Charles Davis worked under Sengstacke’s administration and recalled his boss as a “private man” and an “inspiration.”

“He was fair and did a great job continuing his uncle’s legacy. He also had access to top leaders in government,” said Davis who served as a reporter, city editor, director of public relations and director of advertising during his time with the Defender.

When reflecting on the legacy of the Defender started by Abbott and continued with Sengstacke, Chicago historian Timuel Black said there was no other paper that gave Blacks from all over access to their own community.

The paper was a staple in the Black’s “Old Black Belt,” now-Bronzeville home. He became a paperboy for the Defender before he hit a double-digit age and never strayed away, he said.

“It was always respected and everyone read it. It was delivered to the Army camps I served in overseas –– Europe, Normandy and Germany –– from 1944 to 1945. It gave us access to our community. It promoted our music such as Duke Ellington; sports such as the Harlem Globetrotters and Negro Baseball League; and the armed forces, including the Tuskegee Airmen,” said Black.

The retired Rev. Clay Evans of Fellowship M.B. Church, a well-known community activist in his heyday, spoke about the Defender’s legacy.

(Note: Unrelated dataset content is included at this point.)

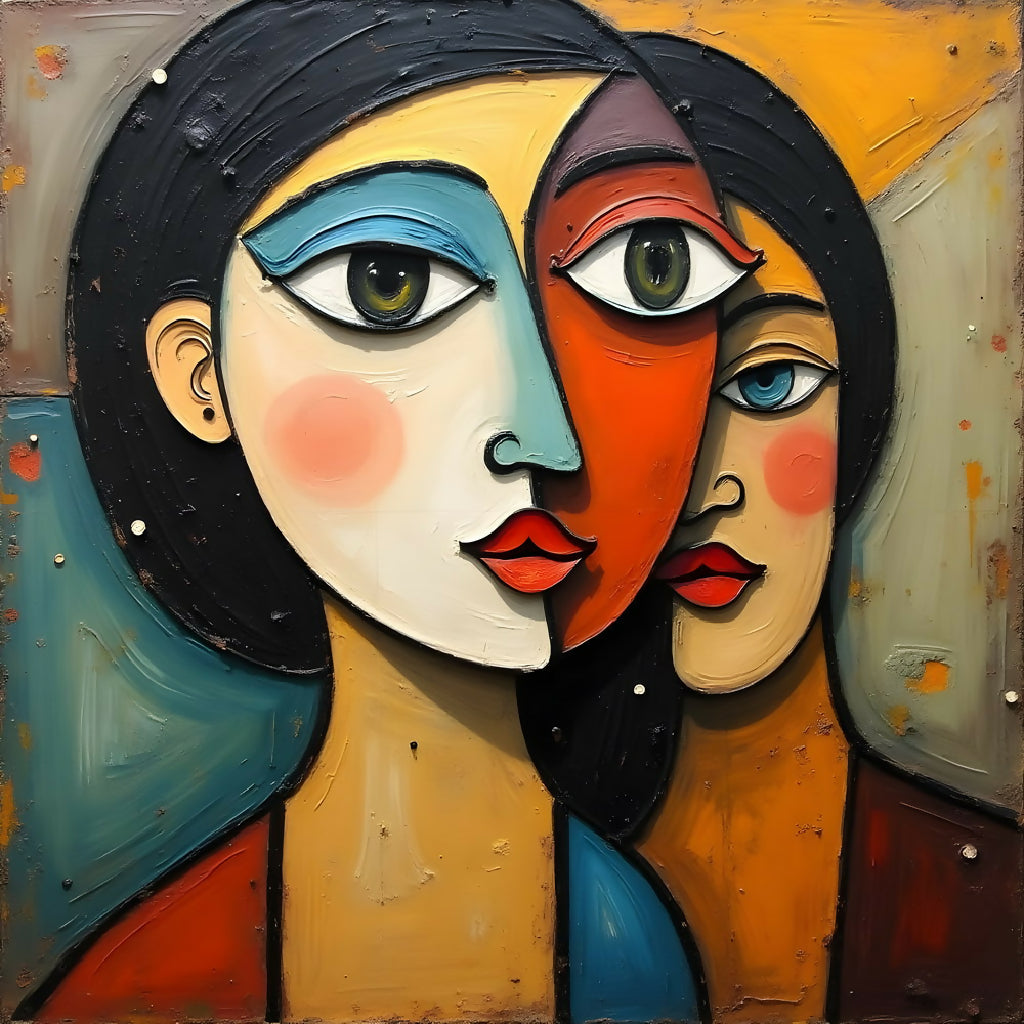 This painting showcases a Cubist-inspired portrait of a woman, featuring fragmented forms and multiple viewpoints in earthy tones, with bold brushstrokes reminiscent of early 20th-century avant-garde art.

“With the changes that were taking place in the community, like the civil rights movement in the South and in Chicago and the race riots, the Defender gave us the flavor that noone else could. It had real contact with the community and played a major role in us getting the side of the story that we could relate to,” said Evans.

Sengstacke died in May 1997. Nearly four years later, President William Clinton posthumously presented him with the Presidential Citizens Medal.